Greenwood Township Road

Opinion by

Rice P. J.,

The seven assignments of error may be considered under the three heads adopted by the appellant’s counsel in their statement of the questions involved.

1. The Act of May 8, 1889, P. L. 129, fixing the number of road viewers at three, did not repeal section 3 of the Act of February 24, 1845, P. L. 52 which was extended to Columbia county by the Act of April 10, 1846, P. L. 286, and which, so far as signing the report is concerned, requires only that it be “signed by a majority of their number.” Granting, therefore, that one of the re-reviewers had neither signed nor assented to the report prior to the first day of the term to which the order was returnable, it nevertheless would have been a valid report, if filed without his signature, because, admittedly, it had been agreed to and signed by the other two viewers several days before: Springbrook Road, 64 Pa. 451. This being so, it is impossible to see how the signing of the report by the third viewer on the return day vitiated it, even if the extreme prop*551osition be conceded that a viewer’s authority to join in a report must be exercised before that time or not at all. In a case arising in Allegheny county, which was subject to the act of 1845, the supplemental report was signed by two of the viewers and a third person who had not been appointed, and yet it was sustained: Road in Springdale Twp., 91 Pa. 260. That case goes far beyond what must be decided in this in order to sustain the report. True it purports on its face to be unanimous, and it was so in fact. If the third re-reviewer gave his assent too late to be of any legal effect, still, as the presumption is that the report was filed or caused to be filed by the re-reviewers, it stands as the act of the majority, and as such is lawful and valid.
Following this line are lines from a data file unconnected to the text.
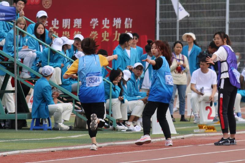 韦海玉、张鹤凡、沈畅、冯一苗四名同学作为运动员参加了女子4×400米接力赛。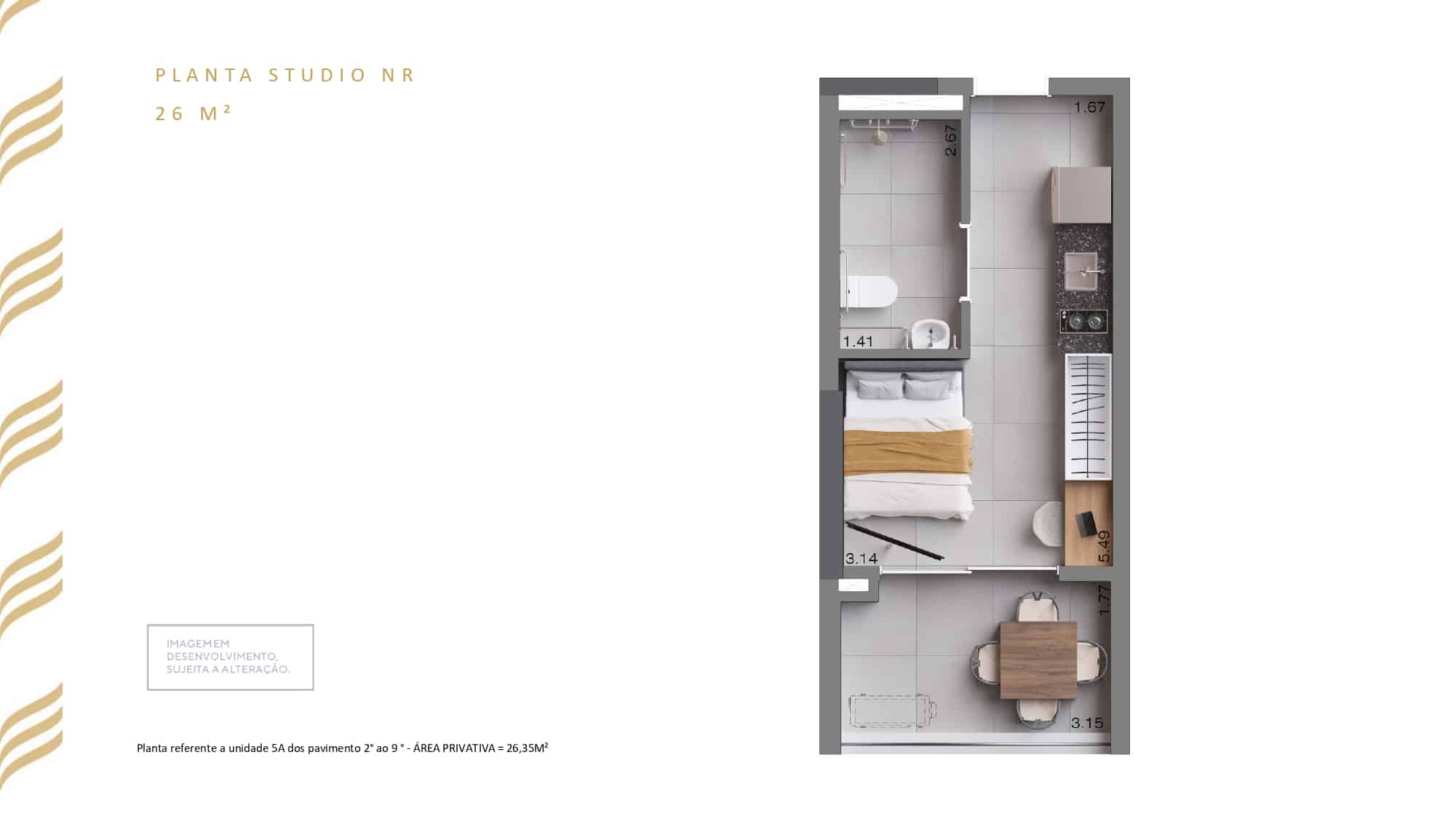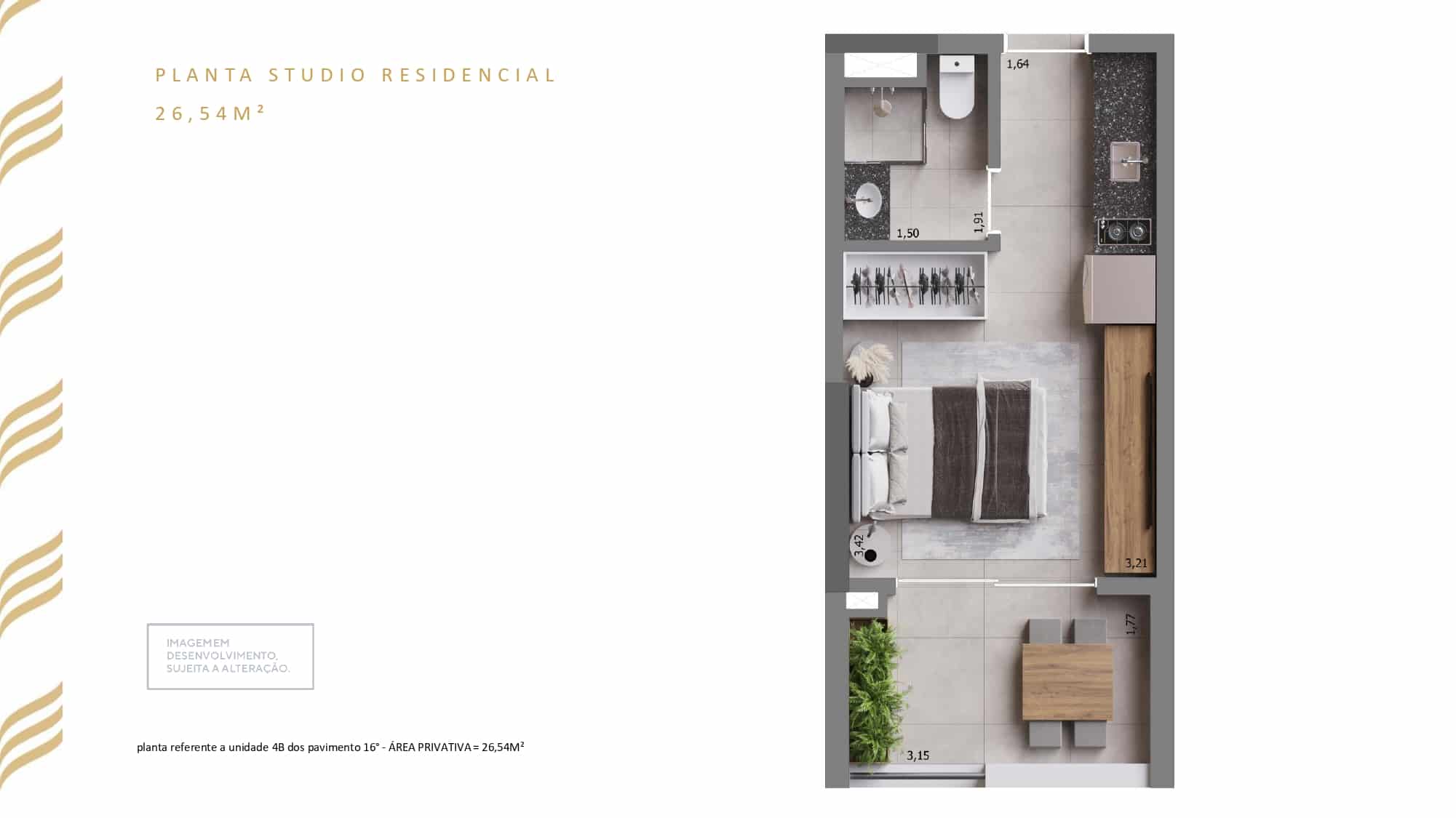 Studios Residenciais e Não Residenciais (26 m²): Espaços planejados para atender às demandas de quem busca praticidade e modernidade, ideais para moradia ou para investimentos.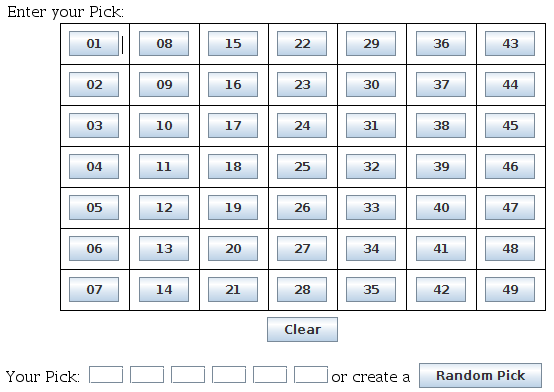 Lottery Numbers Sheet , Choose Six Numbers From 1 Through 42.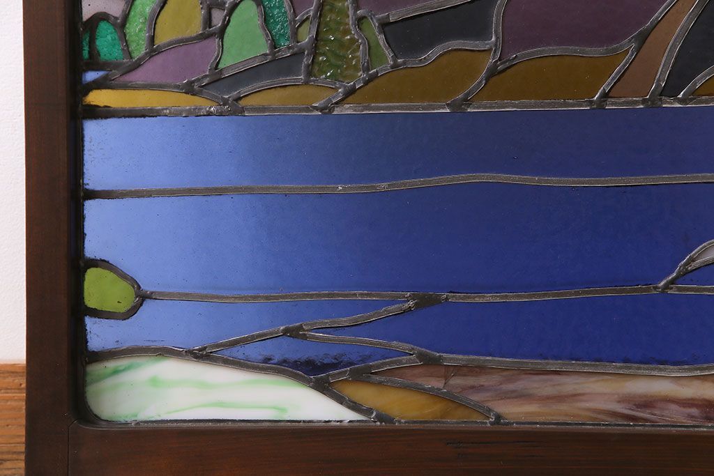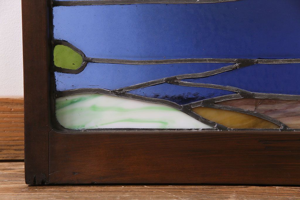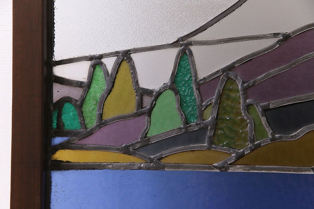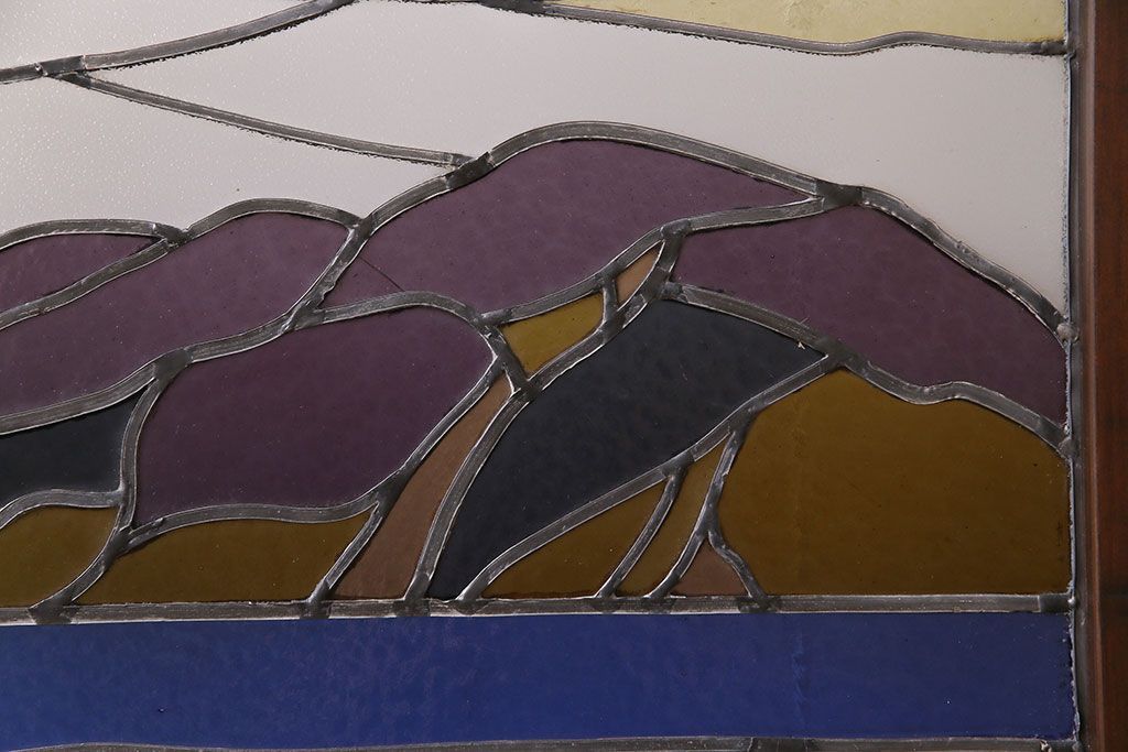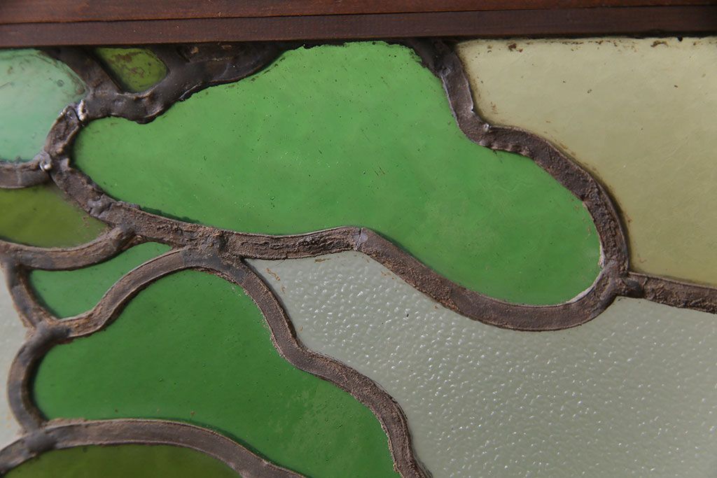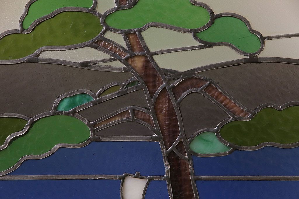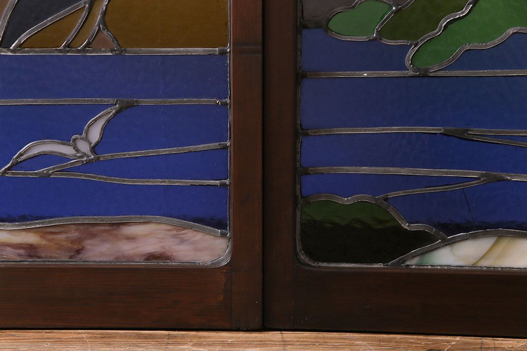 激レア品! 大正昭和初期 当時もの色ガラス 松原を描いたステンドグラス引き戸(ガラス戸、建具)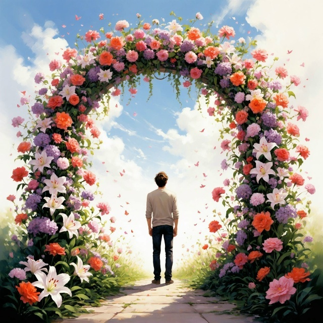 снится мне: Она стоит перед этой самой аркой. Цветы, знаешь, такие яркие, будто солнце в них заперли. Розы, лилии, орхидеи – всё, что только можно придумать, чтобы любовь показать. А запах! Боже, как пахнет! Сладко, но не приторно, словно лето собрало все свои ароматы и в эту арку положило.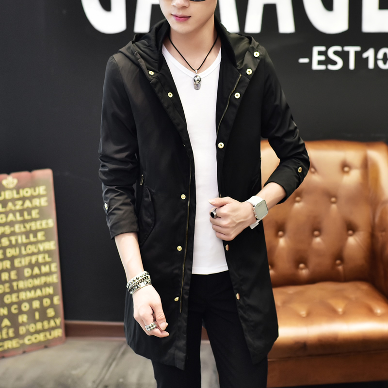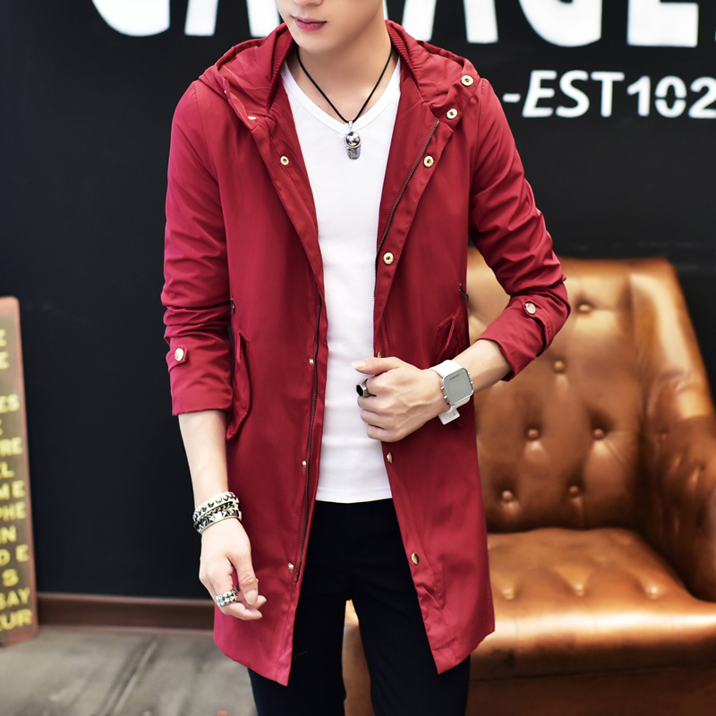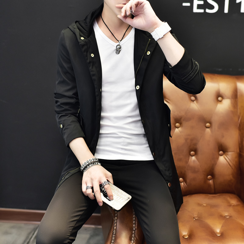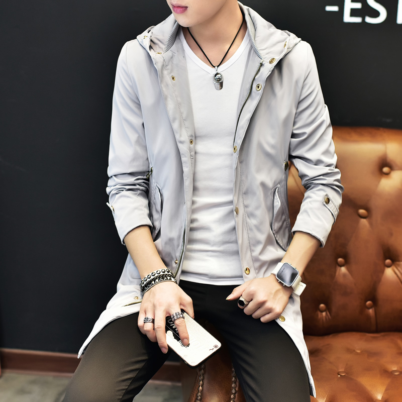 / 春秋季英倫連帽風衣男士中長款韓版修身外套大碼大衣潮男裝

2. It is urged that the report is defective because it does not show that the re-reviewers met at the time and place designated in the notice. But as the statute does not require that this fact be specifically set forth in the report, the presumption that the viewers did their duty in that regard will prevail unless there is something on the face of their report from which an inference to the contrary may legitimately be drawn, or the fact that they did not meet at the time and place appointed be established by evidence. See Road in Springbrook, 64 Pa. 451; Road in South Abington, 109 Pa. 118; In re Melon Street, 182 Pa. 397, 406; Road in North Franklin Twp., 8 Pa. Superior Ct. 358; Road in Herrick Twp., 16 Pa. Superior Ct. 579.

After the report of the re-reviewers was presented for confirmation exceptions were filed to it and at the same time a petition was presented for a re-re-review. The court directed this petition to be filed to await the disposition of the exceptions. It is claimed that it was error to confirm the report of re-reviewers absolutely without formally disposing of the petition above referred to. To this it seems to be a sufficient answer to say that the granting of a re-re-review is discretionary with the quarter sessions and that the confirmation absolute of the report of re-reviewers was in effect a refusal of the petition. Presumably the court exercised its discretionary power in thus confirming the report.

We find no reversible error in this record; therefore all the assignments of error are overruled and the order is affirmed.